While it is certainly possible to do "experiments" by predicting that, say,
fossils of a particular type ought to be found in geological formations of a
particular kind (and then looking to see if they are indeed found there), the
number of ecological variables impacting living systems makes
narrowly-focused "experiments" difficult.
Human behavior in society presents even more difficult problems in applying
the classic formulation of the scientific method. The number of variables is
much higher than in any physics experiment and carefully-controlled
experimental activity is circumscribed by ethical limitations on just what
can be done to people. And consideration of moral issues in any really
meaningful way is always a question of humans in society. Thus "science" per
se - at least with the tools currently available -- makes only an incomplete
guide to moral philosophy.
With these comments in mind, I'll address some of the posts in this and
related threads:
In a message dated 99-11-14 13:14:46 EST, CurtAdams@aol.com wrote:
> I haven't read Sokol directly, apart from what is published here. I didn't
> perceive him claiming that humanities were bad, just that fuzzy thinking
and
> ignoring facts hurts. You *could* do scientific and scholarly work in
> "cultural studies"; I thought the point was that the editors of that
> magazine
> were not.
I think that's a correct statement of a healthy reaction to Sokal's
"experiment". Close readers will know that I never miss a chance to take a
shot at postmodernist hogwash. But my criticisms of postmodernism shouldn't
be mistaken for a belief that pursuit of the traditional humanities isn't
worthwhile. Use of at least some of the traditional methodologies employed in
the humanities - especially history, tempered by a deep respect for the
scientific method as the most certain guide to knowledge - where it can be
employed, is still a deeply important part of participation in the
development of culture.
In a message dated 99-11-14 17:34:05 EST, neosapient@transtopia.org (D.den
Otter) wrote:
> What's up this ethics debate anyway -- I thought
> that rational ethics based on enlightened self-interest were
> the default in transhumanism?
That's probably a correct statement at a high level of generality, but it
doesn't really address the ultimate questions of moral philosophy. I think
the essay by Greg Johnson that Daniel Ust posted in this thread on 99-11-17
06:42:11 EST sets out very well how pointing to "self-interest" alone doesn't
provide real answers to ethical questions. This is hinted at by the very
term you use, "ENLIGHTENED self-interest": A lot of complexity and many hard
questions are subsumed under the term "enlightened".
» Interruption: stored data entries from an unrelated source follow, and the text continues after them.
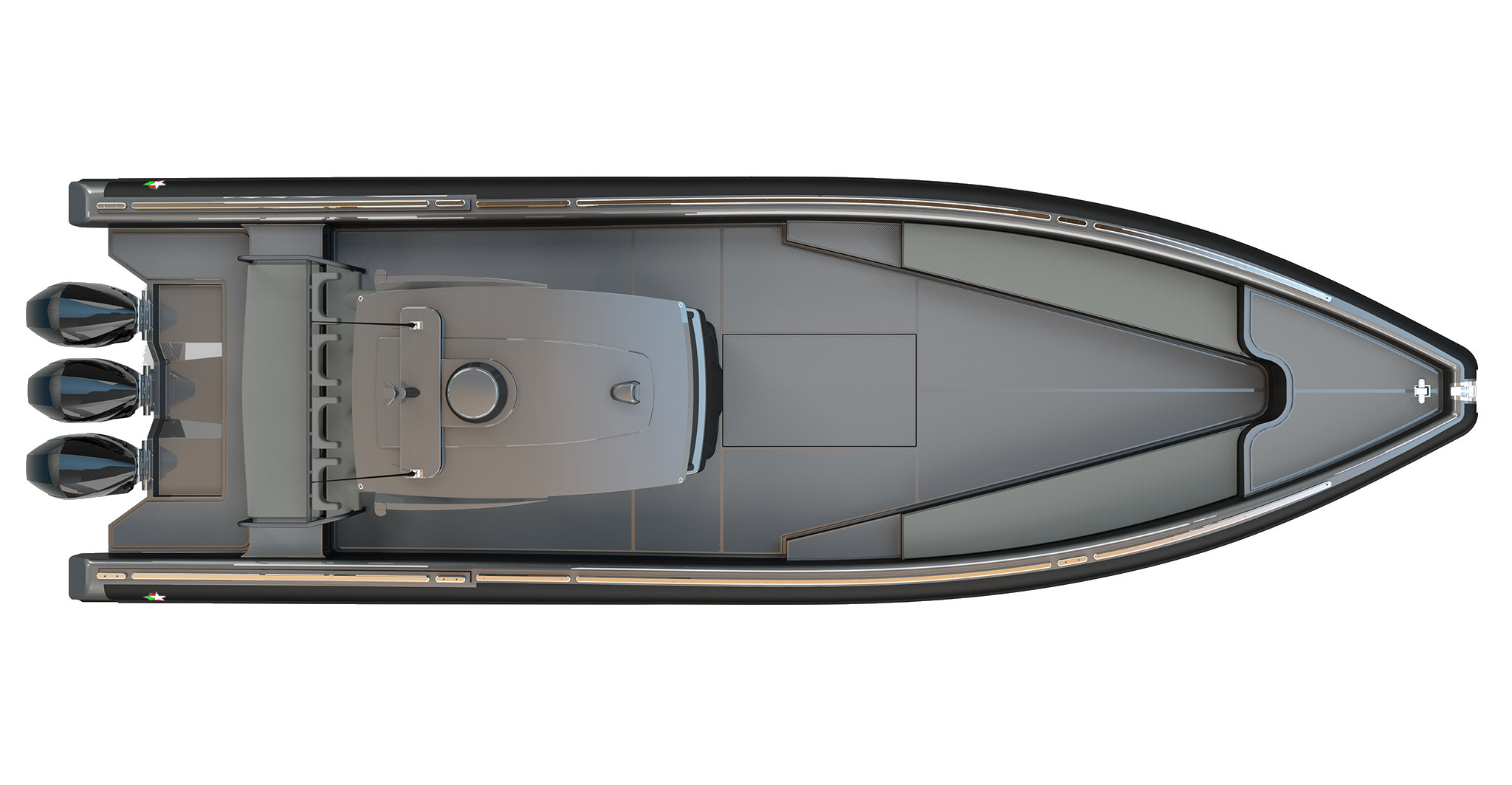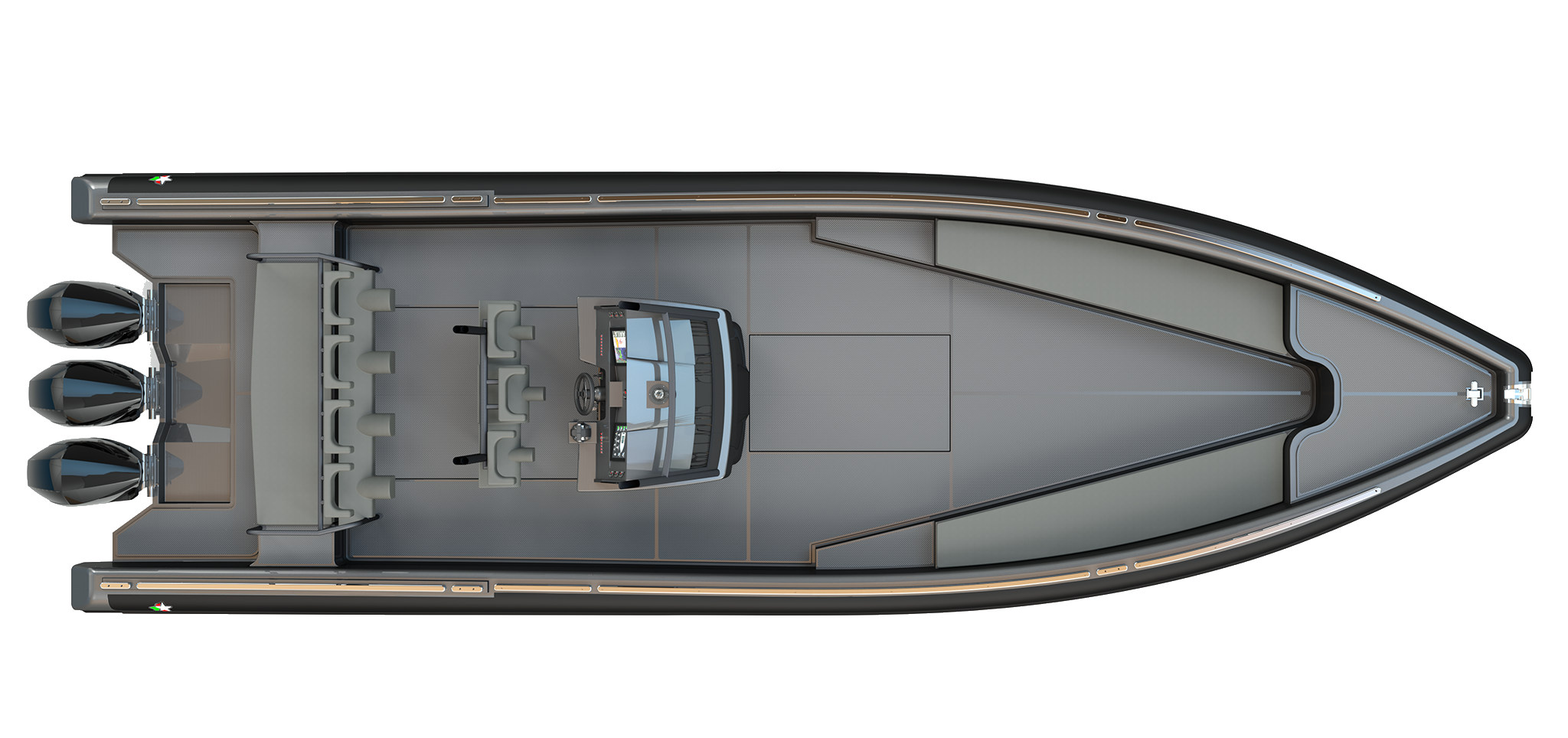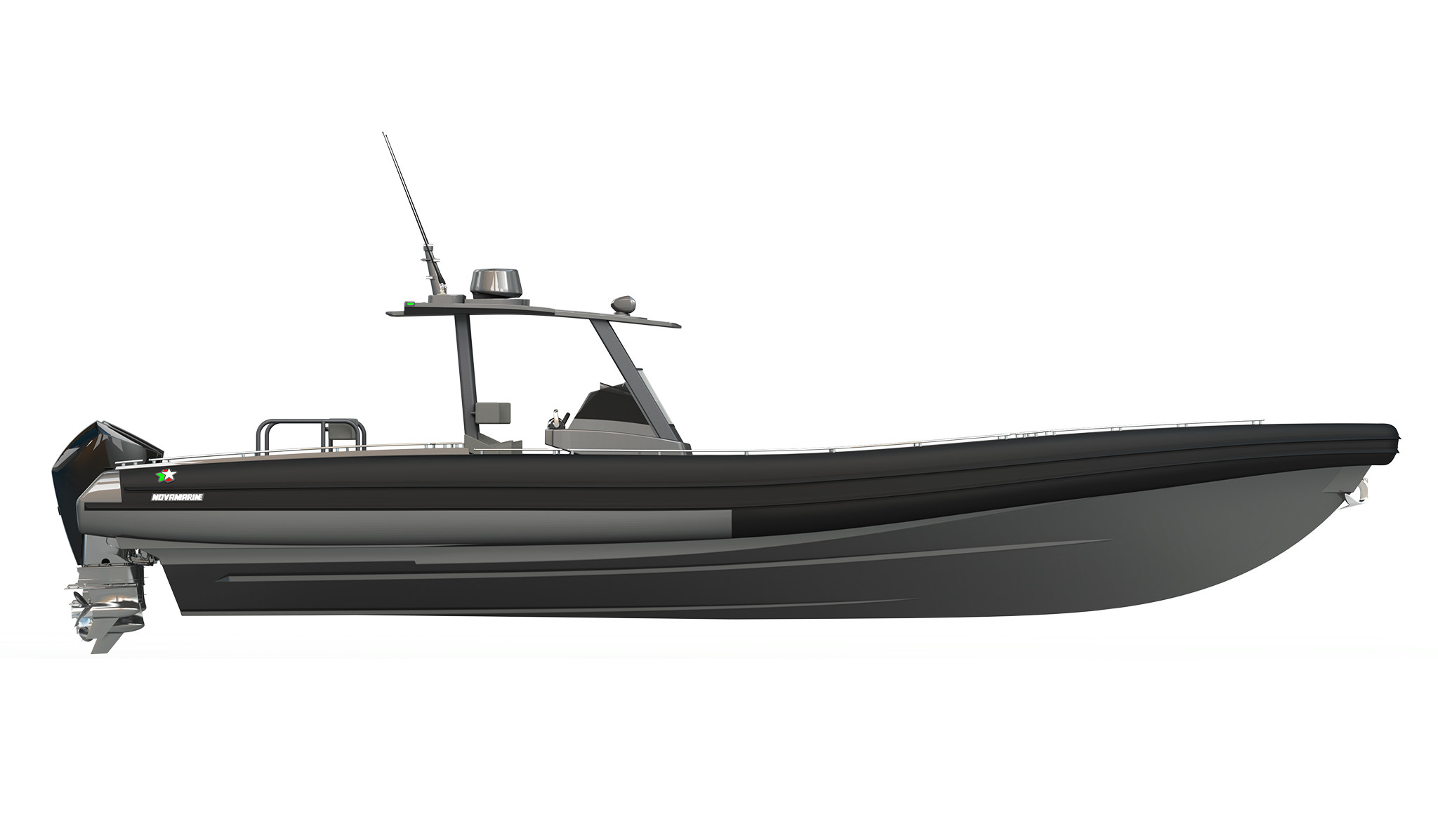 The new 120 HD is the sportiest and most dynamic model in the Novamarine line. It is derived from the same hull as the multi-certified Novamarine Professional 120 and offers exceptional manoeuvrability, stability, and safety. With aggressive lines and spacious, minimalist interiors, it provides endless possibilities for arranging seats and sun loungers, making it a unique model. Imposing in shape but austere in content, the 120 HD is powered by three outboard engines of up to 400 hp. It surges through the water, reaching speeds of up to 52 knots, ensuring efficiency and fun with complete tranquillity.
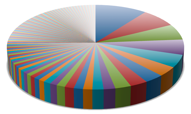 Even though there are as many as 2,000 subscribers, only a tiny few actually post comments. The following pie and line charts illustrate the point without naming any names. As you can see, eleven (11) people contribute 50% of the postings.
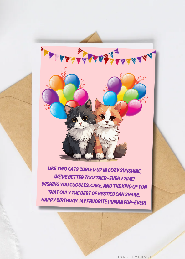 Celebrate friendship and fun with this adorable Best Friends Cat Birthday Card! Featuring two sweet, playful cats, this printable birthday card is perfect for besties, sisters, or any girl who loves cute animals. With a charming design and heartwarming vibe, it’s ideal for girls of all ages. Instant download and print – no personalization needed. Great for last-minute gifting!
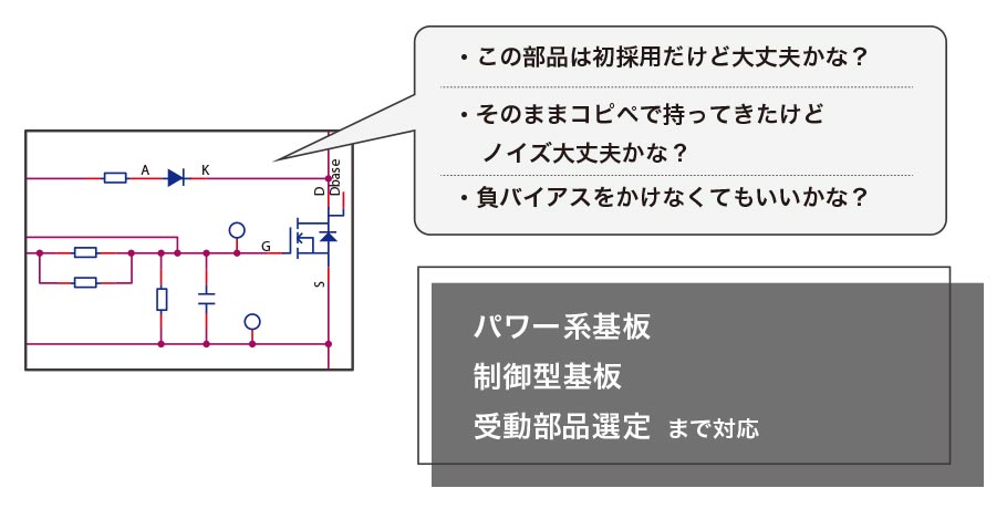 - 社内のデザインレビューを受けたが、今まで社内にノウハウの無い回路のため、そのまま製造することにリスクを感じている。
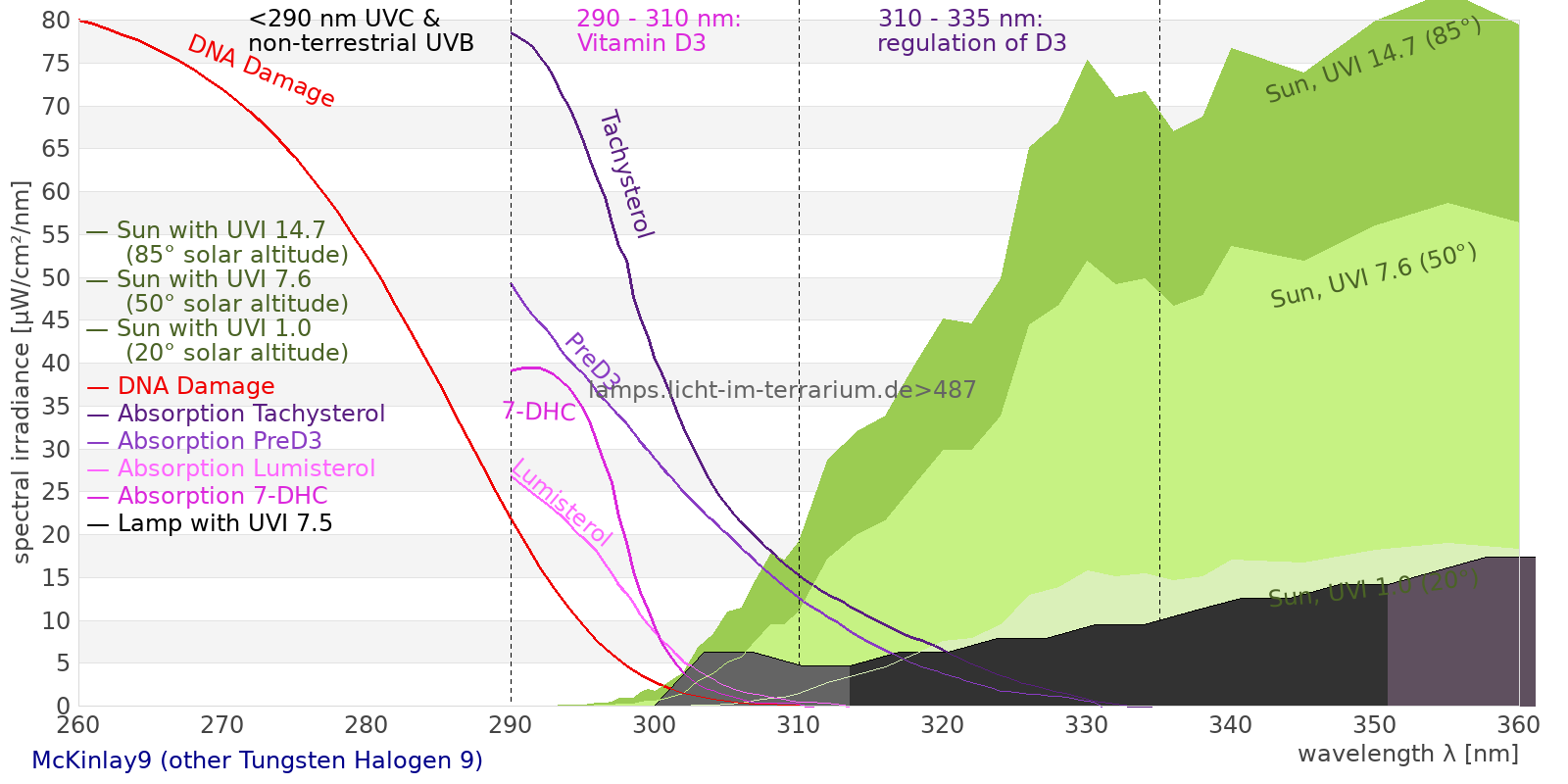 This process prevents any overdose of vitamin D3 from UV radiation with a spectrum similar to sunlight. As a comparison the solar spectra at 20°(id:14) and at 85°(id:21) solar angle are shown.

Two posts illustrate what I consider to be an excessive "scientism" regarding
social and philosophical matters:
In a message dated 99-11-15 14:52:18 EST, jr@shasta.com (J. R. Molloy) wrote:
> From: Anders Sandberg <asa@nada.kth.se>
> > ...if you like blue
> >and I like green, which color do we paint the building in? We have to
> >do politics to resolve that dispute, be it a compromise or something
> >else.
>
> Leave it to the decision making authority/architect.
> Non-politicians decide what colors to paint buildings everyday.
I understand and agree with Anders' point, although perhaps the example given
isn't a good one - after all, the market can sort out architectural
questions. (There's an example in my neighborhood. An office building was
constructed about ten years ago that had a hideous green, textured concrete
surface. I remember thinking when it was being finished, "What an eyesore!
Who would lease space there?" Well, apparently few people did, because
eventually the building was completely stripped of the offensive coating and
re-sheathed with an attractive and creative mix of different glass and steel
textures. It now appears to be fully leased-up.)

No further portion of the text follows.